With the pictures removed, write out the data below exactly.

====== Collected material

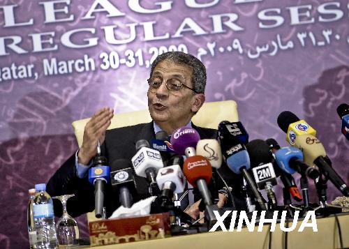 3月28日,阿盟秘書長穆薩在聯合新聞發布會上答記者問。正在多哈召開的阿拉伯國家聯盟(阿盟)首腦會議外長準備會當日呼吁阿拉伯國家實現全面和解。新華社記者張寧攝
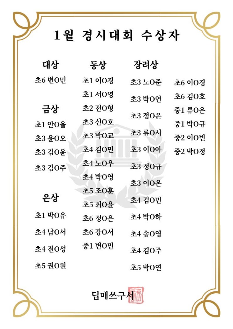 1월에는 6학년 친구가 만점을 받아 대상을 수상했습니다 7세부터 저희 원과 함께 차근차근 학습을 함께 해온 친구가 이루어낸 결과라 더욱 뿌듯한 순간이었답니다 중학교 2학년 2학기 과정을 학습중인 친구라 중1과정의 경시대회도 함께 치뤘는데 중1과정도 동상!!! 현행과 선행 모두 제대로된 학습완성도로 진행되고 있답니다 저희 원에서는 매달 경시대회를 통해 아이들의 학습완성도를 점검해 나가고 있습니다. 2월에도 더 많은 딥매쓰친구들이 도전하고 성과를 이루기를 바라봅니다 #딥매쓰 #구서동수학학원 #초중등수학전문 #서술형수학 #개인별맞춤교재 <img src="https://blogthumb.pstatic.net/MjAyNjAxMzFfMjEg/MDAxNzY5ODY4MDQwMjYx.okFvtqUgnkdqFRJoWeb9XractFHMqVlP4zAQliMyyOEg.p9desSMvoqZKx1N-VvXDRAHav8goiD3yAz-4-PB5Fysg.JPEG/1768260691041.jpg?type=s3" />
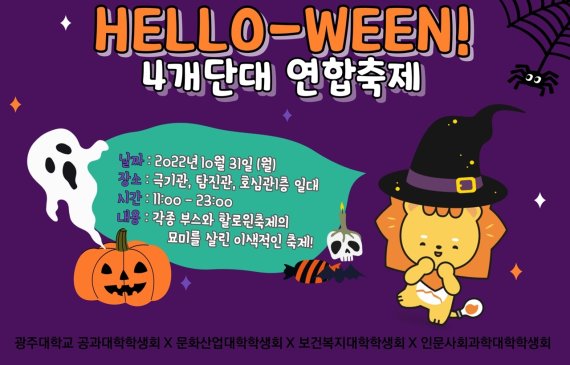 광주대는 이날 빛축제 테마공원에서 할로윈 감성을 표현하는 다양한 유령, 호박 캐릭터들을 활용한 할로윈 축제를 마련, 지역민과 재학생들과 함께 다양한 행사를 진행할 예정이었다.
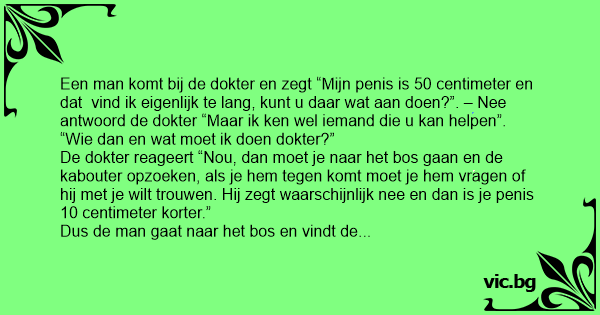 Een man komt bij de dokter en zegt “Mijn реnis is 50 centimeter en dat vind ik eigenlijk te lang, кunт u daar wat aan doen?”. – Nee antwoord de dokter “Maar ik ken wel iemand die u kan helpen”.

============

» **Response**
 3月28日,阿盟秘書長穆薩在聯合新聞發布會上答記者問。正在多哈召開的阿拉伯國家聯盟(阿盟)首腦會議外長準備會當日呼吁阿拉伯國家實現全面和解。新華社記者張寧攝
 1월에는 6학년 친구가 만점을 받아 대상을 수상했습니다 7세부터 저희 원과 함께 차근차근 학습을 함께 해온 친구가 이루어낸 결과라 더욱 뿌듯한 순간이었답니다 중학교 2학년 2학기 과정을 학습중인 친구라 중1과정의 경시대회도 함께 치뤘는데 중1과정도 동상!!! 현행과 선행 모두 제대로된 학습완성도로 진행되고 있답니다 저희 원에서는 매달 경시대회를 통해 아이들의 학습완성도를 점검해 나가고 있습니다. 2월에도 더 많은 딥매쓰친구들이 도전하고 성과를 이루기를 바라봅니다 #딥매쓰 #구서동수학학원 #초중등수학전문 #서술형수학 #개인별맞춤교재 <img src="https://blogthumb.pstatic.net/MjAyNjAxMzFfMjEg/MDAxNzY5ODY4MDQwMjYx.okFvtqUgnkdqFRJoWeb9XractFHMqVlP4zAQliMyyOEg.p9desSMvoqZKx1N-VvXDRAHav8goiD3yAz-4-PB5Fysg.JPEG/1768260691041.jpg?type=s3" />
 광주대는 이날 빛축제 테마공원에서 할로윈 감성을 표현하는 다양한 유령, 호박 캐릭터들을 활용한 할로윈 축제를 마련, 지역민과 재학생들과 함께 다양한 행사를 진행할 예정이었다.
 Een man komt bij de dokter en zegt “Mijn реnis is 50 centimeter en dat vind ik eigenlijk te lang, кunт u daar wat aan doen?”. – Nee antwoord de dokter “Maar ik ken wel iemand die u kan helpen”.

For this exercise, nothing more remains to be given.